• The records:
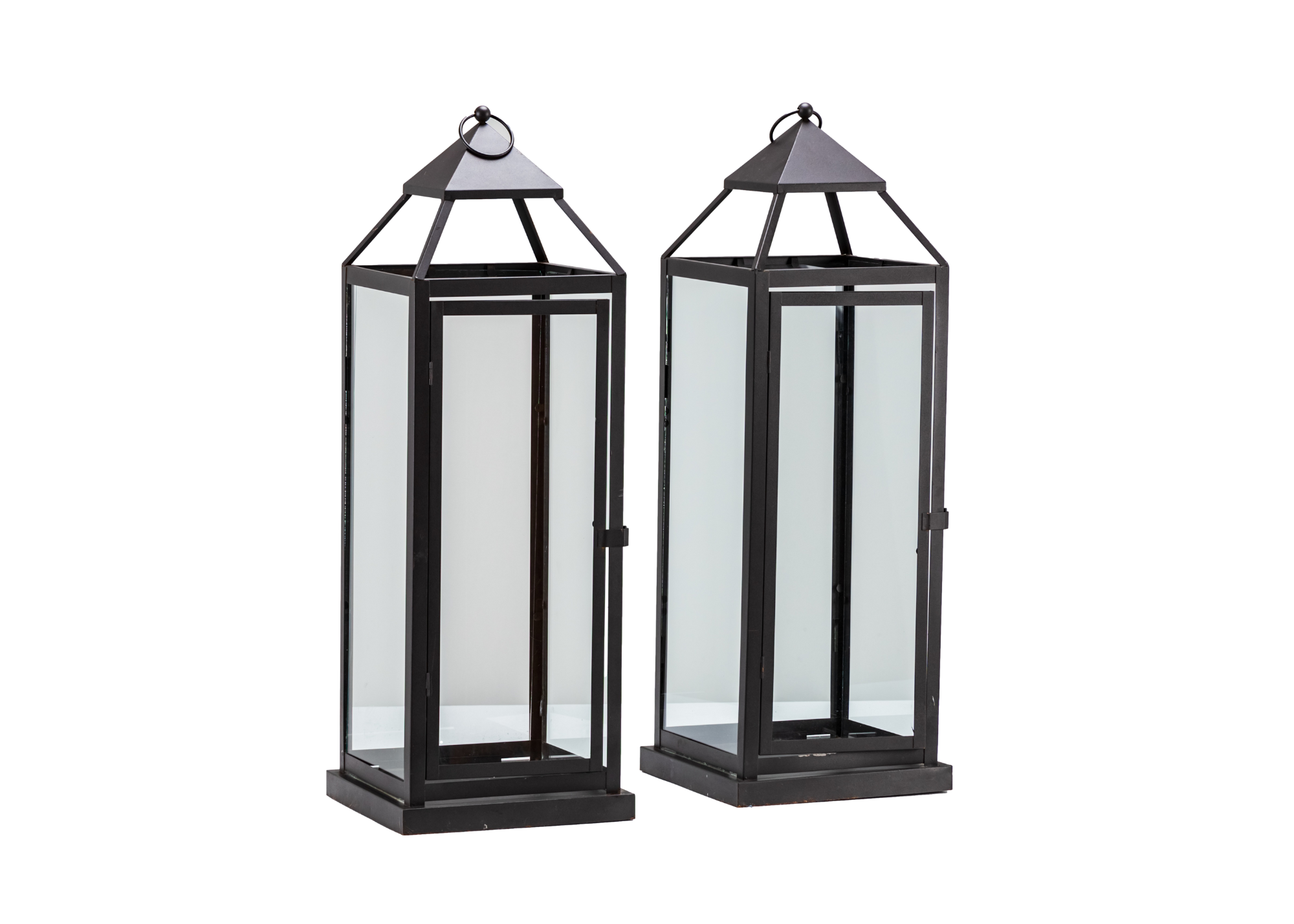 Metal lanterns in black. Great outdoor lighting option, decor piece, or floral vessels.
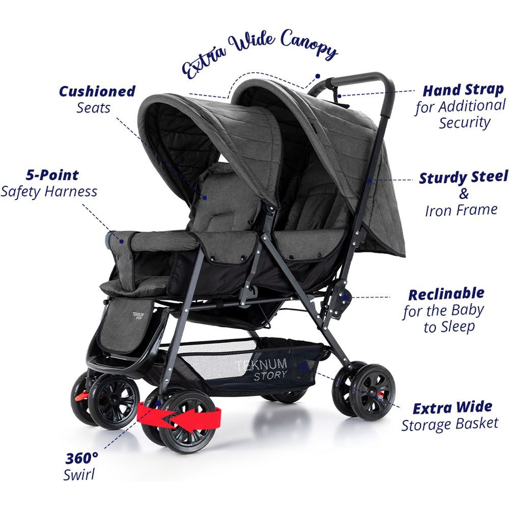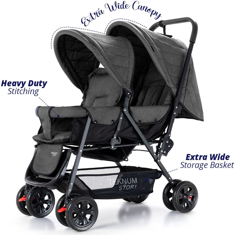 - The Story by Teknum double stroller is fit to use for kids up to 3 years for two babies each up to 15 kgs (0-15kg X 2)
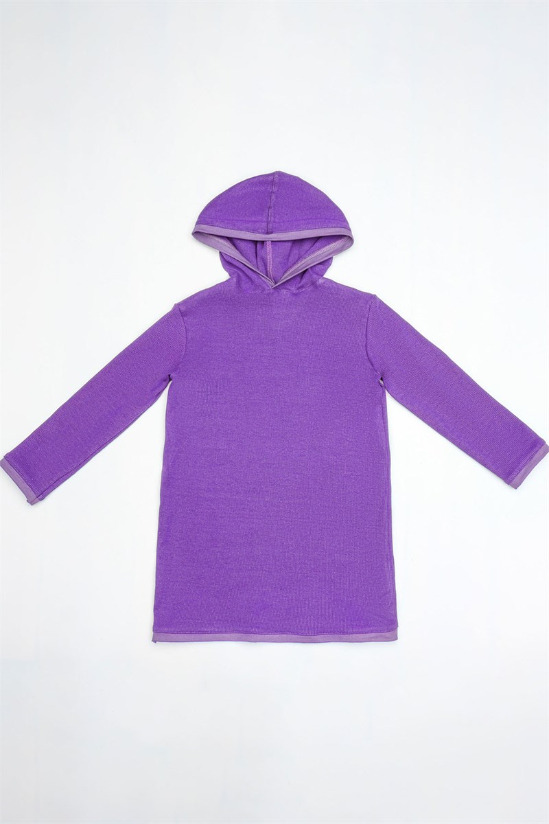 Повседневное платье-туника для девочки. Стильное платье выполнено из кашкорсе, с капюшоном. Простое в уходе, легко стирается и утюжится. По мере роста ребёнка может носиться как туника с брюками.
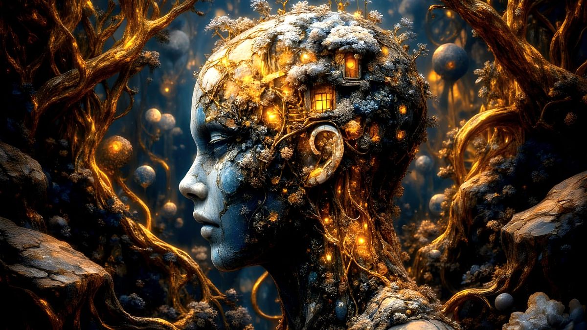 This image depicts a human head silhouette composed of intricate, interconnected rooms, presented in a blueprint cyanotype or Victorian dollhouse style with warm amber lighting. Features Escher-like spatial impossibilities.
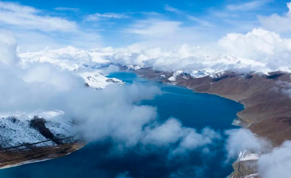 ▲ 從航拍視角展現的壯麗景觀。湛藍湖水如寶石般鑲嵌在大地,周圍雪山連綿,峰頂積雪皚皚,白雲繚繞山間,彷彿為山川披上輕柔薄紗,藍天襯托下,盡顯高原湖泊的雄渾與聖潔,勾勒出大自然鬼斧神工的優美畫卷。
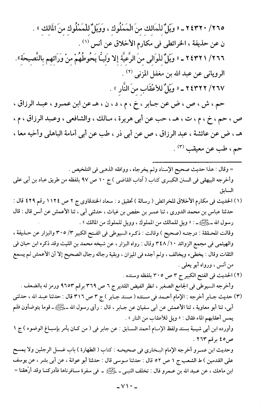 265/ 24320 - "وَيلٌ لِلْمَالِكِ مِنَ الْمَمْلُوكِ، وَوَيلٌ لِلْمَمْلُوكِ مِنَ المَالِكِ".
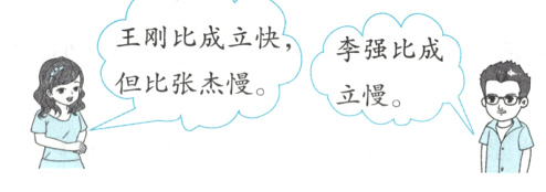 在自行车比赛中,王刚、成立、李强、张杰四人的成绩是3.05分、3.15分、3.50分、2.90分。在收集比赛成绩时,不甚将他们的成绩打乱了顺序。你能根据裁判员的叙述,找回他们的成绩并排出正确的比赛名次吗?
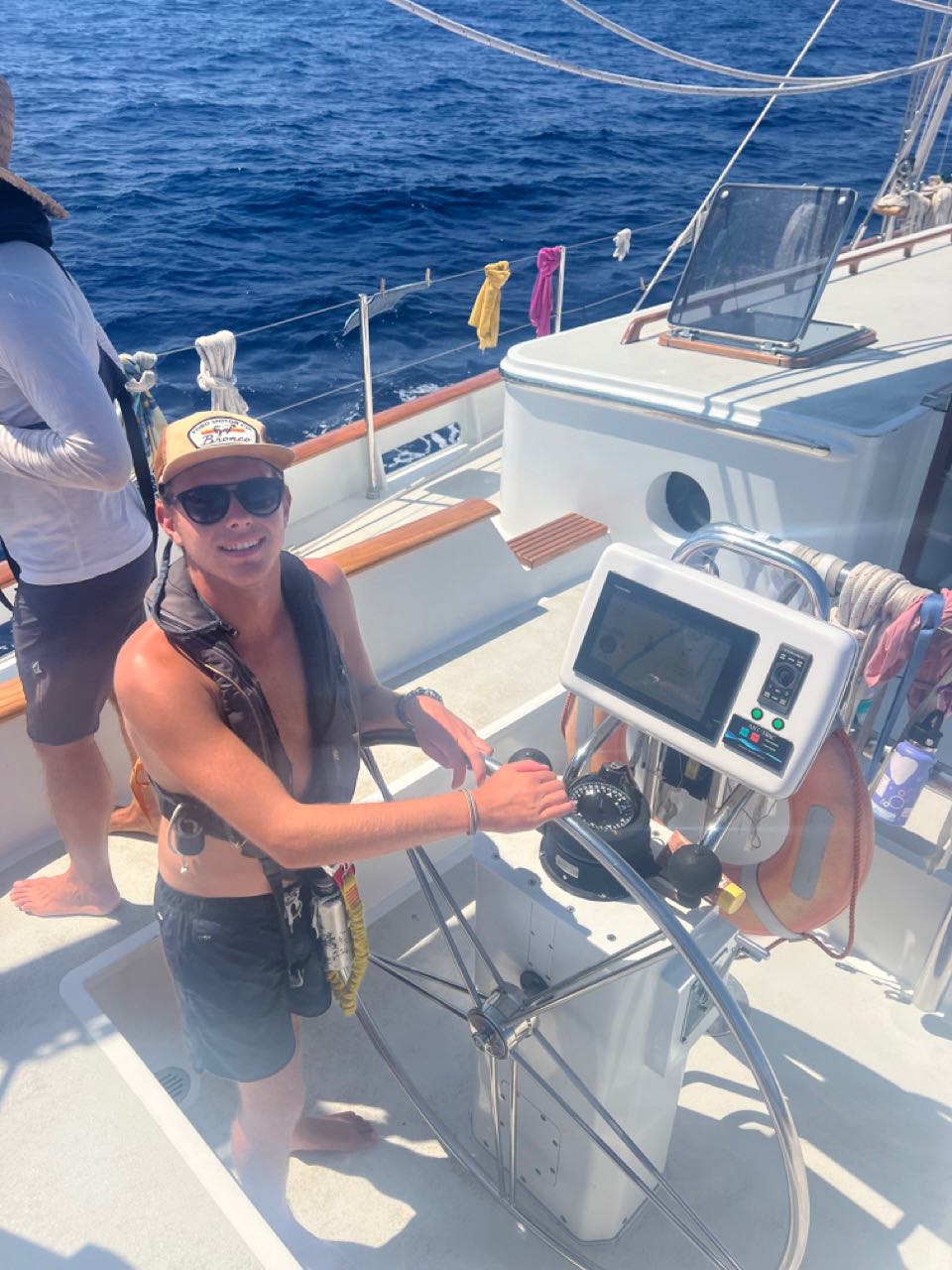We learned about the fishing industry and the consequences of overfishing, oceanic pollution, and the organizations that enforce regulations on marine pollution (MARPOL). Nearing the end of our second lecture, we were told the wind had died, and we were going to have to drop the sails. This was met with a little bit of sadness because sailing is awesome. However, we were surprised with a fun swim in the middle of the Med after this sail handing, it all worth it. Will did a couple of sick tricks, Zoe got her first backflip (It was amazing), and Emma started practicing gainers. Most shockingly of all, Tom got in the water. Most of the students haven’t seen Tom swim throughout the whole trip. After our amazing swim session, we all went our own ways until dinner. The chefs went to the galley, Watch team two and I went to the cockpit, and everyone else went into free time. For dinner, we enjoyed some (I don’t remember). After a nice meal, we all got together for a squeeze. The squeeze question was pretty typical, but we finished off with a game of Duck-Duck-Goose around the squeeze circle.

• Instructions to follow: In the records above, find the line with "This image depicts" and copy from it through the last line exactly, without the pictures.

• Exercise response:
 This image depicts a human head silhouette composed of intricate, interconnected rooms, presented in a blueprint cyanotype or Victorian dollhouse style with warm amber lighting. Features Escher-like spatial impossibilities.
 ▲ 從航拍視角展現的壯麗景觀。湛藍湖水如寶石般鑲嵌在大地,周圍雪山連綿,峰頂積雪皚皚,白雲繚繞山間,彷彿為山川披上輕柔薄紗,藍天襯托下,盡顯高原湖泊的雄渾與聖潔,勾勒出大自然鬼斧神工的優美畫卷。
 265/ 24320 - "وَيلٌ لِلْمَالِكِ مِنَ الْمَمْلُوكِ، وَوَيلٌ لِلْمَمْلُوكِ مِنَ المَالِكِ".
 在自行车比赛中,王刚、成立、李强、张杰四人的成绩是3.05分、3.15分、3.50分、2.90分。在收集比赛成绩时,不甚将他们的成绩打乱了顺序。你能根据裁判员的叙述,找回他们的成绩并排出正确的比赛名次吗?
We learned about the fishing industry and the consequences of overfishing, oceanic pollution, and the organizations that enforce regulations on marine pollution (MARPOL). Nearing the end of our second lecture, we were told the wind had died, and we were going to have to drop the sails. This was met with a little bit of sadness because sailing is awesome. However, we were surprised with a fun swim in the middle of the Med after this sail handing, it all worth it. Will did a couple of sick tricks, Zoe got her first backflip (It was amazing), and Emma started practicing gainers. Most shockingly of all, Tom got in the water. Most of the students haven’t seen Tom swim throughout the whole trip. After our amazing swim session, we all went our own ways until dinner. The chefs went to the galley, Watch team two and I went to the cockpit, and everyone else went into free time. For dinner, we enjoyed some (I don’t remember). After a nice meal, we all got together for a squeeze. The squeeze question was pretty typical, but we finished off with a game of Duck-Duck-Goose around the squeeze circle.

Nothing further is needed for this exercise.